A Camopi, la rivière du même nom dévoile une couleur caramel, plus loin il y a la Sikini et son marron boueux ou encore l'Alikéné de couleur beige. Toutes ces couleurs attestent d'activités aurifères en amont. Nombre de rivières guyanaises ne sont plus que particules en suspension. « Les poissons y meurent », a reconnu Nicolas Sarkozy avant d'ajouter devant les habitants de Camopi « l'Etat n'a pas toujours été irréprochable à votre égard ». En Guyane, en décembre, un sondage a révélé que 75% des interrogés considéraient que la lutte de l'Etat contre l'orpaillage clandestin n'était pas satisfaisante.

« Il ne suffit pas de courir après les hommes dans la forêt »

« Les orpailleurs sont très organisés, ils creusent des layons (sentiers) dans la forêt pour éviter le barrage des gendarmes sur la Sikini, puis des pirogues les attendent plus loin », indique René Monerville, piroguier amérindien de Camopi. Aux grands maux les grands remèdes. « A partir de la semaine prochaine, la République va engager 1 000 hommes en Guyane dans une opération qui utilisera des matériels faisant appel à des technologies jamais utilisées sur le territoire français. Elle durera aussi longtemps qu'il le faudra », a annoncé Nicolas Sarkozy.

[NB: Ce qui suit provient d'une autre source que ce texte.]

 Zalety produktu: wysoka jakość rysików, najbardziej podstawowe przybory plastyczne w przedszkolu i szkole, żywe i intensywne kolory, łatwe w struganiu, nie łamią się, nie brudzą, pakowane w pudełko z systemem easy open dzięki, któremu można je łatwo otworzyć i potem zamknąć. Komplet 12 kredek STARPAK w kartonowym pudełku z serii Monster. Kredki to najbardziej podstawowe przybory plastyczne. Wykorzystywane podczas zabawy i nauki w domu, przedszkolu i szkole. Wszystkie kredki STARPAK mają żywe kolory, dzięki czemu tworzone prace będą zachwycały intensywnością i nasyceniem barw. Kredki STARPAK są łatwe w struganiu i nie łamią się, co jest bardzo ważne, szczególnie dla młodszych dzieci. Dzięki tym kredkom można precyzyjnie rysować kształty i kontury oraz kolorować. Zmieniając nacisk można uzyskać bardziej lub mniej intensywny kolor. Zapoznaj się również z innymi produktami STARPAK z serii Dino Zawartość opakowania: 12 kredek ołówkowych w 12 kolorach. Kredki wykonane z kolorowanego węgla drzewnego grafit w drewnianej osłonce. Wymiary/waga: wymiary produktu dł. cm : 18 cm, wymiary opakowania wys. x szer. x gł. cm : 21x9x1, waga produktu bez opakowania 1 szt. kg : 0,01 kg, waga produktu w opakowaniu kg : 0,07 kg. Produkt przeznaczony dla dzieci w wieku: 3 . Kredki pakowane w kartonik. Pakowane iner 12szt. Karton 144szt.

« Plus de 500 renforts en hommes », selon un proche du président. Une petite dizaine de policiers du GIGN sont présents pour l'action et la formation depuis deux semaines. Selon le général Carpentier, commandant des forces armées « nous devons bénéficier du renfort de deux compagnies soit entre 300 et 400 hommes ». Un Airbus de l'armée est arrivé avec les premiers renforts vendredi 8 février. Deux autres avions sont attendus le 14 et le 16. Les forces de l'ordre bénéficieront pour l'opération d'un Transall et de deux hélicoptères Puma de plus. L'hélicoptère EC145 de la gendarmerie promis par le ministre de l'Intérieur Sarkozy pour Noël 2003 est arrivé fin novembre 2007.

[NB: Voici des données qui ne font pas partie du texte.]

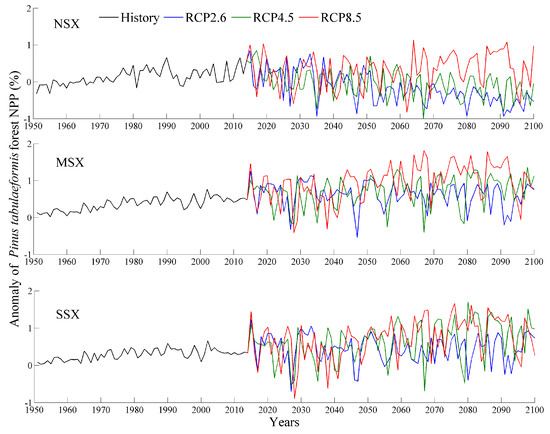Changes in P. tabulaeformis forest NPP during historical (1951–2014) and future (2015–2100) periods using 1961–1990 as the base period. NSX, MSX, and SSX are the northern, middle, and southern regions of Shaanxi province, respectively.

« Cette mobilisation de 1000 hommes est pour une durée indéterminée. On attend de voir avant de juger de son efficacité », a commenté la députée divers-gauche, Chantal Berthelot. Christiane Taubira, l'autre députée Guyane se dit perplexe : « Ce président n'arrive pas à comprendre que ces activités clandestines ont des raisons d'abord économiques et sociales. Ces garimpeiros viennent des Etats pauvres du Brésil. Ils ont aussi envahi le Surinam, le Guyana et le sud du Venezuela. Il ne suffit pas de courir après les hommes dans la forêt amazonienne. Surtout qu'en l'annonçant si pompeusement une semaine avant, on leur permet de se camoufler. On ne pourra pas régler ce problème sans véritable coopération entre la France et le Brésil. Car la hausse du cours de l'or réduit le risque pour l'orpailleur ».

« De grosses opérations en forêt repoussent des illégaux vers le littoral et cela risque d'y augmenter la délinquance. C'est une donnée à prendre en compte », analyse Georges Patient, le maire de Mana (ouest guyanais).

« Nous devons nous attaquer aux commanditaires », a aussi indiqué Nicolas Sarkozy. Un GIR (Groupe d'intervention régional) a été créé en Guyane en octobre 2006 pour remonter les filières de financement de l'orpaillage illicite : « Cela fait un an qu'on nous annonce des mises en examen », glose Christiane Taubira. «Dans les 6 mois à venir, il y a des notables guyanais qui vivent de la logistique de l'orpaillage illicite qui pourraient tomber », assure une source proche du dossier. Fin 2006, selon un document de l'ONF (Office national des forêts) non rendu public, 5 122,8 hectares avaient déjà été exploités illégalement en Guyane.